Think of Part 1 as learning to drive — steering, braking, parking. This post is advanced driving — highway merging (Merge queries), lane switching (Append), U-turns (Pivot), and handling bad weather (Error Handling). Same car, same road, more complex maneuvers.
Table of Contents
- Merge Queries — Joining Two Tables
- The Six Join Types in Power Query
- Merge Step by Step
- Fuzzy Matching
- Append Queries — Stacking Tables
- Append Two Queries
- Append Three or More Queries
- Group By — Aggregation
- Pivot Column — Rows to Columns
- Unpivot Columns — Columns to Rows
- Conditional Column — CASE WHEN Without Code
- Custom Column — Calculated Fields with M Formulas
- Common M Formulas for Custom Columns
- Replace Errors — Handling Bad Data
- Data Profiling — Understanding Your Data Before Transforming
- Column Quality, Distribution, and Profile
- Combining Multiple Transformations — A Complete Example
- When Dataflow Gen2 Reaches Its Limits
- Common Mistakes
- Interview Questions
- Wrapping Up
Merge Queries — Joining Two Tables
Merge is Power Query’s equivalent of a SQL JOIN. You combine two tables based on a matching key.
BEFORE MERGE:
Customers table: Orders table:
| cust_id | name | | order_id | cust_id | amount |
|---------|---------| |----------|---------|--------|
| 1 | Naveen | | 101 | 1 | 999 |
| 2 | Shrey | | 102 | 2 | 29 |
| 3 | Vrushab | | 103 | 1 | 79 |
AFTER MERGE (Left Outer Join on cust_id):
| cust_id | name | order_id | amount |
|---------|---------|----------|--------|
| 1 | Naveen | 101 | 999 |
| 1 | Naveen | 103 | 79 |
| 2 | Shrey | 102 | 29 |
| 3 | Vrushab | null | null |
The Six Join Types in Power Query
| Power Query Name | SQL Equivalent | What It Returns |
|---|---|---|
| Left Outer | LEFT JOIN | All left rows + matching right rows |
| Right Outer | RIGHT JOIN | All right rows + matching left rows |
| Full Outer | FULL OUTER JOIN | All rows from both tables |
| Inner | INNER JOIN | Only rows that match in both tables |
| Left Anti | LEFT JOIN WHERE right IS NULL | Left rows with NO match in right |
| Right Anti | RIGHT JOIN WHERE left IS NULL | Right rows with NO match in left |
Merge Step by Step
- In your Dataflow Gen2, ensure BOTH queries (tables) are loaded in the Queries panel
- Select the primary query (e.g., Customers)

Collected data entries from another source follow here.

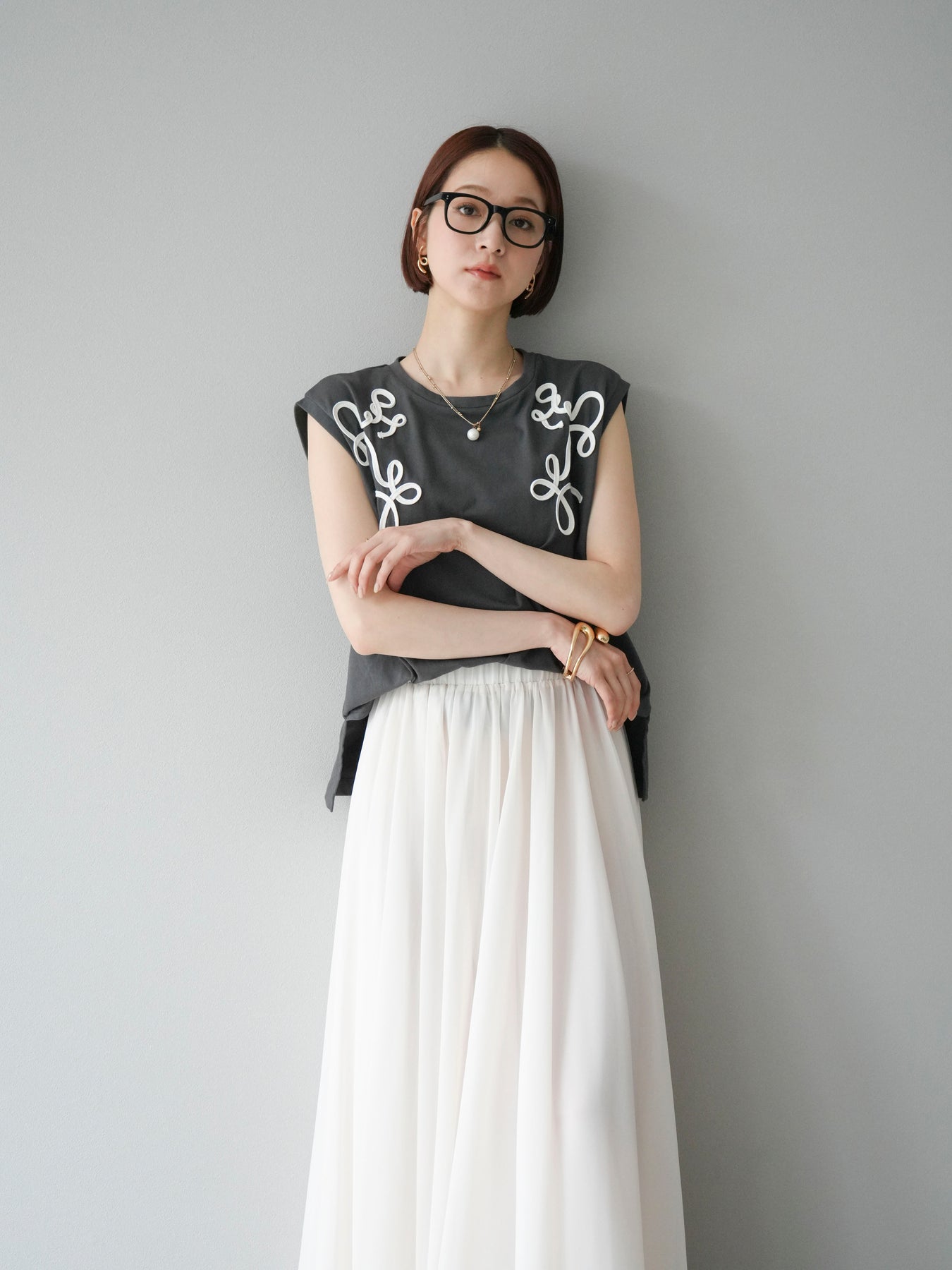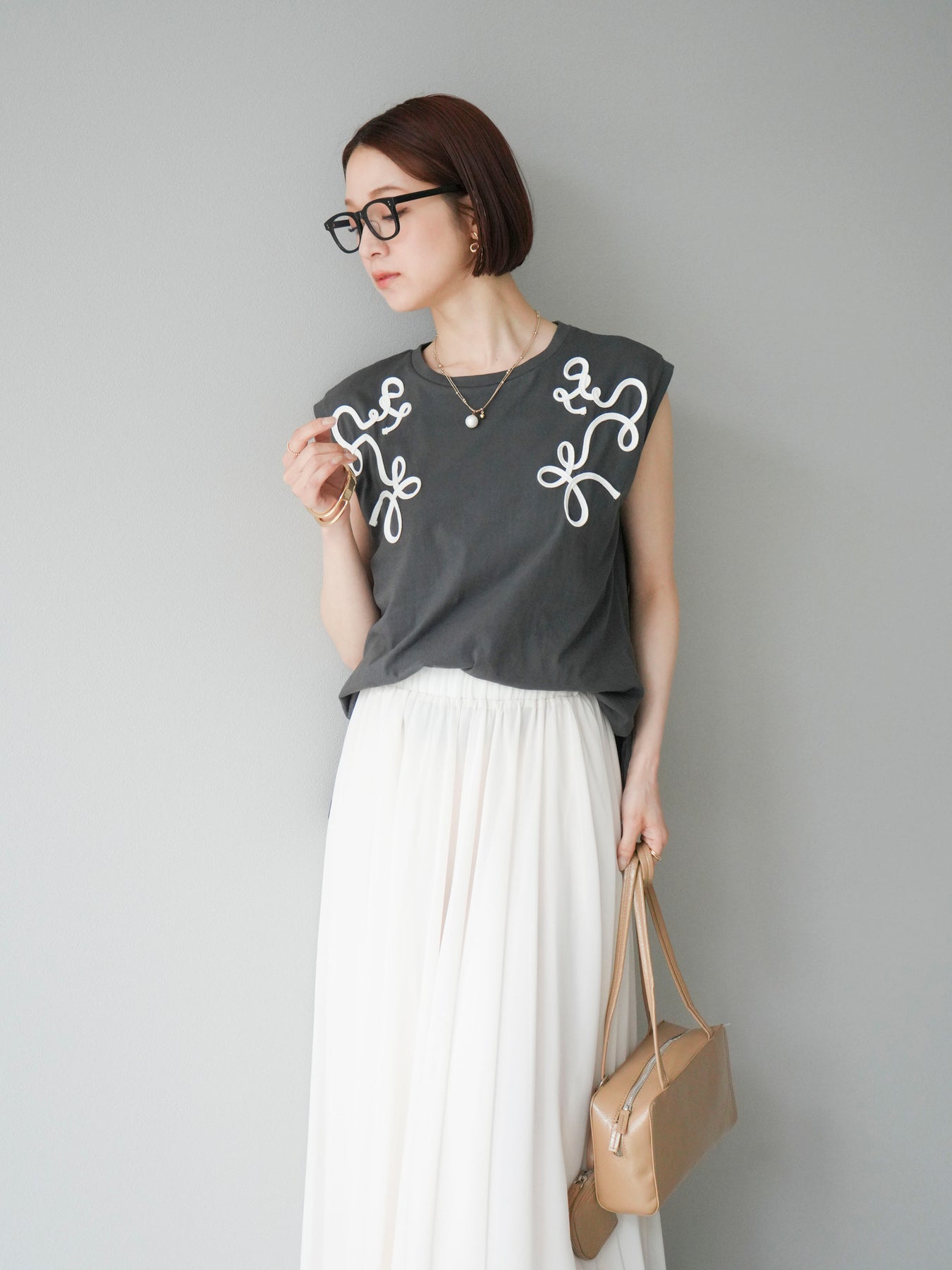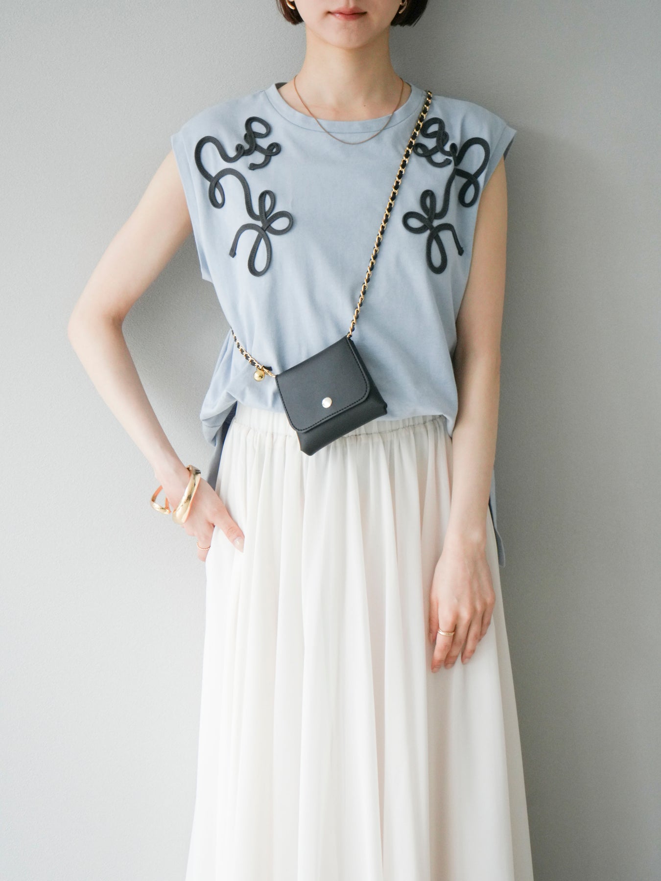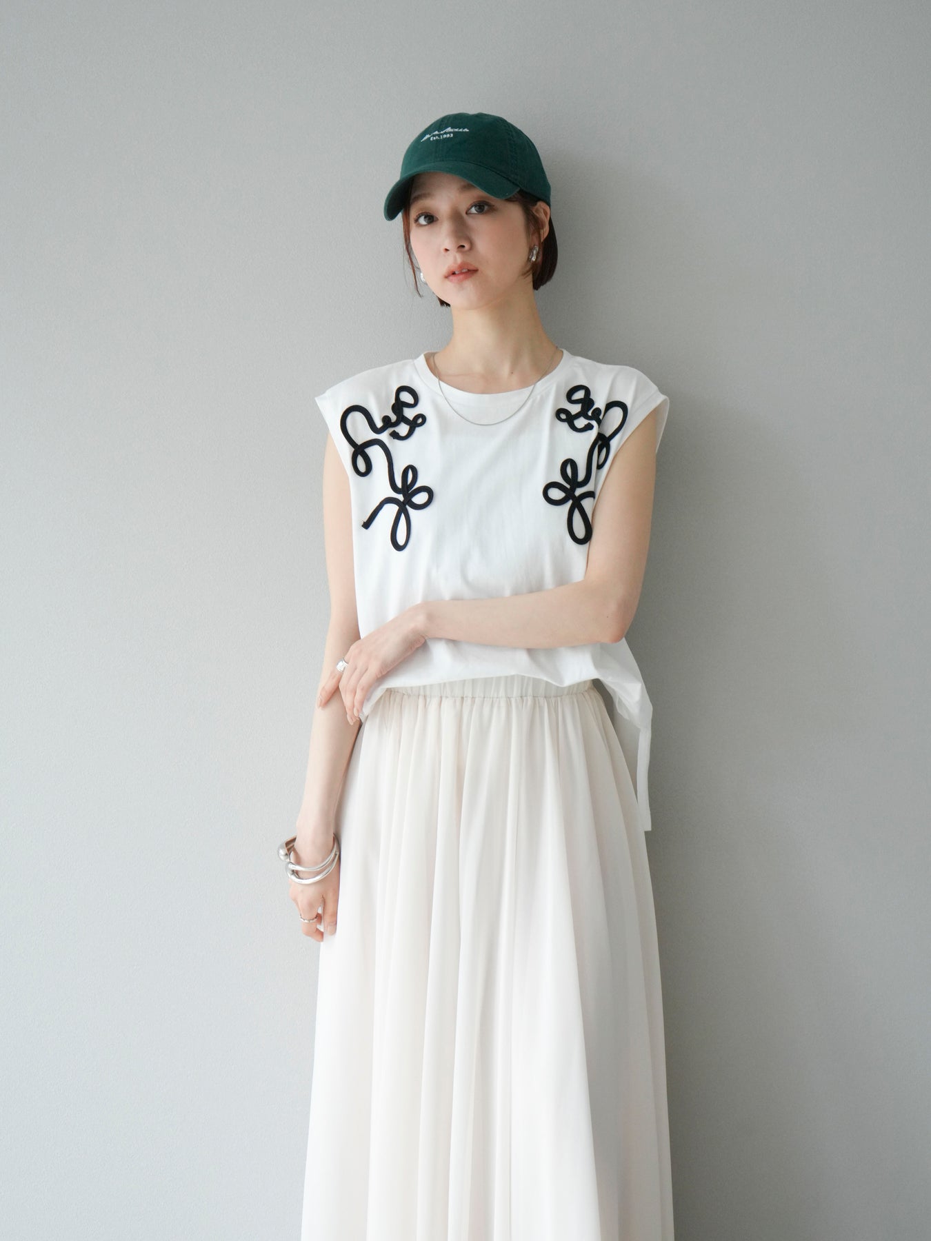 這款T卹採用厚度適中的棉質布料,穿著順滑舒適。法式長袖隨意垂落於肩部,遮蓋手臂,更能展現女性魅力。前襟採用繩紋立體刺繡,簡約時尚的設計魅力十足。它與牛仔褲、裙子、幹練的褲子等各種下裝都能完美搭配,從日常穿著到外出,都能輕鬆駕馭。 ※除下裝、吊帶背心(內衣)以外的商品均不含內衣。
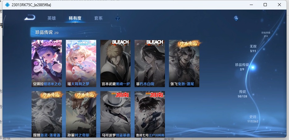 - [11609290]V7 1典藏 4珍品传说 11传说 125英雄 259皮肤 可修改实名 优质装备:最初的交响(伽罗典藏),江户川柯南,怪盗基德,器灵·落星盏,黄金射手座,末日机甲-孙尚香(绿蚂蚱),神器·狴犴令,炽翼辉光(娃娃菜牛角包),澜逐花归海 珍品传说:时之奇旅-孙策 传说皮:幻光神枪 珍宝阁皮:蔷薇恋人,女武神 限定皮:愿照·九州拓(澜年限),逐霄战戟,鸣野蒿,诗剑行,怒海麟威,五谷丰年,天狼溯光者,孙行者,无尽星芒,山海·玄木吟(马可年限) 史诗皮:鸭鸭历险记-刘禅,器灵·浮梦炉,化蝶舞,星界战将,龙之律动,怒海争锋,东方月初,芈月浮光幕影,海诺心动手记,蔬乡物语(鲁班七号),百相守梦-百里守约,紫霞仙子,苍穹之光,黄金分割率,特工魅影,千年之狐,江河有灵,浮梦罗烟,魅语,蒙恬荣光圣徽,无限星赏官,冰冠公主,偶像歌手,猫狗日记-孙策,乱世虎臣,女仆咖啡,摇滚巨星,水果甜心,天才门将,星夜王子,心灵骇客,德古拉伯爵,暗隐猎兽者,幽灵船长,鬼剑武藏,心灵战警,天秀·启明,舞动绿茵,地狱岩魂,纤云弄巧,水晶猎龙者,曙光守护者,箭羽风息,唤灵魅影,金属风暴,原初追逐者,鹰眼统帅,暗夜贵公子,魅力维加斯,黎明之约,雪上飞焰,无心,未来纪元-赵云,玫瑰异探
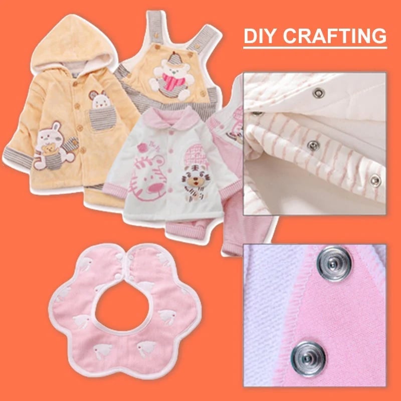 Ez a patentos rögzítő eszközkészlet tökéletesen megfelel a DIY kézműves munkákhoz vagy könnyű ruhák készítéséhez. Használható babaruhákhoz, mászókákhoz, sapkákhoz, ingekhez, rugdalózókhoz, burp cloths-hoz, Barbie/babaruhákhoz, kisállat ruhákhoz, vagy bárhová, ahol rögzítők szükségesek.
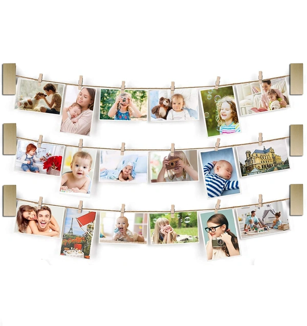 ?Easy to Install & Versatile?Not any assemble, just drill a hook or attached screw, pin picture frames to the wall and hang it on. Photos your loved are to be clamped to the wooden clips. This product can be hung to the study, Bedroom, Living room, Corridor or passage way
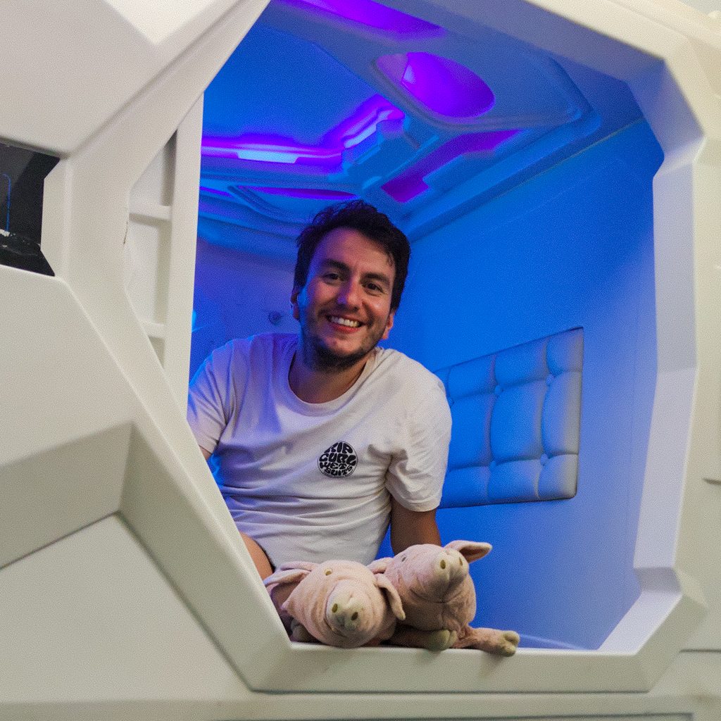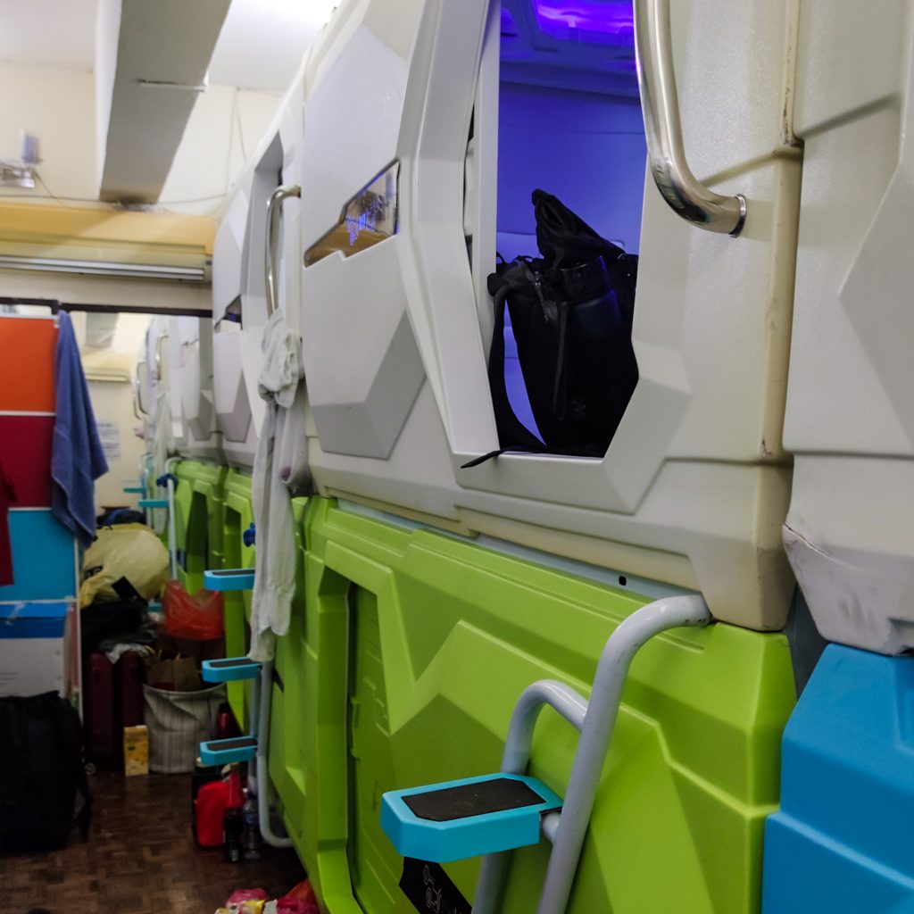 Um Kosten zu sparen, entscheiden wir uns für einen kurzen Zwischenstopp in Johor Bahru. Die Stadt liegt direkt an der Grenze zu Singapur und nur eine kleine Wasserstraße trennt hier Malaysia von Singapur. Dennoch liegen Welten zwischen den Preisen hier. Wir übernachten hier in einem Capsule Hostel, was umgerechnet nur 16 Euro für beide Betten kostet. Oder wie wir in diesem Fall sagen sollten: Space Shuttles. Die Kapseln bestehen aus kleinen, abschließbaren Kunststoff-Höhlen, die an kleine Space Shuttles erinnern. Im Inneren gibt es USB Ladeanschlüsse, einen ausklappbaren Tisch, Spiegel und nicht zu vergessen: Ambiente-Beleuchtung in allen möglichen Farben und einen Mini-Feuerlöscher. Was uns etwas beruhigt – die Türen lassen sich von innen auch manuell öffnen. Ansonsten ist das Hostel übrigens alles andere als modern und sauber, was uns schnell dazu veranlasst, doch nicht selbst zu kochen und auch nicht so viel Zeit dort zu verbringen.
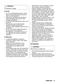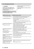 - Page 21: Troubleshooting Refer to the below table for information on possible problems. Improper repair of the appliance may pose a danger to the safety of the user. Any repairs must be performed by qualified personnel. With some problems, the display shows an alarm code. The majority of problems that may occur can be solved without the need to contact an Authorised Service Centre. You cannot activate the appliance. Make sure that the mains plug is connected to the mains socket. Make sure that there is no damaged fuse in the fuse box. The programme does not start. Make sure that the appliance door is closed. Press the start button. If the delay start is set, cancel the setting or wait for the end of the countdown. The appliance does not fill with water. The display shows i10 or i11. Make sure that the water tap is open. Make sure that the pressure of the water supply is not too low. The appliance does not drain the water. The display shows i20. Make sure that the sink spigot is not clogged. Make sure that the interior filter system is not clogged. The anti-flood device is on. The display shows i30. Close the water tap. Make sure that the appliance is correctly installed. Malfunction of the water level detection sensor. The display shows i41 - i44. Make sure that the filters are clean. Switch the appliance off and on. Malfunction of the wash pump or the drain pump. The display shows i51 - i59 or i5A - i5F. The temperature of the water inside the appliance is too high or malfunction of the temperature sensor occurred.
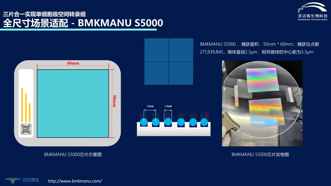 隨著百邁客生物在時(shí)空組學(xué)領(lǐng)域的不斷探索,在保證具備亞細(xì)胞分辨率的條件下,研究團(tuán)隊(duì)已成功完成了全尺寸場(chǎng)景適配捕獲芯片BMKMANU S5000的研發(fā)與測(cè)試。捕獲面積:50mm*60mm;捕獲位點(diǎn)數(shù):271,939,845;微球直徑:2.5μm;相鄰微球的中心距為3.5μm。該產(chǎn)品的推出大大降低了空間轉(zhuǎn)錄組實(shí)驗(yàn)對(duì)樣本尺寸的限制,將更大程度地滿(mǎn)足當(dāng)前科研需求。

- Home tab → Merge queries → Merge queries as new (creates a new combined query)
- In the Merge dialog:
- Top table: Customers
- Bottom table: Orders
- Click the matching column in EACH table (cust_id in both)
- Join Kind: Left Outer (or whichever you need)
- Click OK
After merge, the Orders data appears as a collapsed table column (a single column containing a nested table). You need to EXPAND it:
- Click the expand icon (↔) on the Orders column header
- Select which columns to expand (order_id, amount)
- Uncheck “Use original column name as prefix” (unless you want “Orders.amount”)
- Click OK
Now you have a flat, joined table.
Real-life analogy: Merge is like combining a class roster (names) with a grade sheet (scores). You match by student ID. After merging, each student row has their name AND their grades. The expand step is like “unfolding” the grade sheet columns next to the name.
Multi-Column Merge
To join on multiple columns (composite key):
- In the Merge dialog, Ctrl+click BOTH columns in the top table
- Ctrl+click the matching columns in the bottom table (in the same order)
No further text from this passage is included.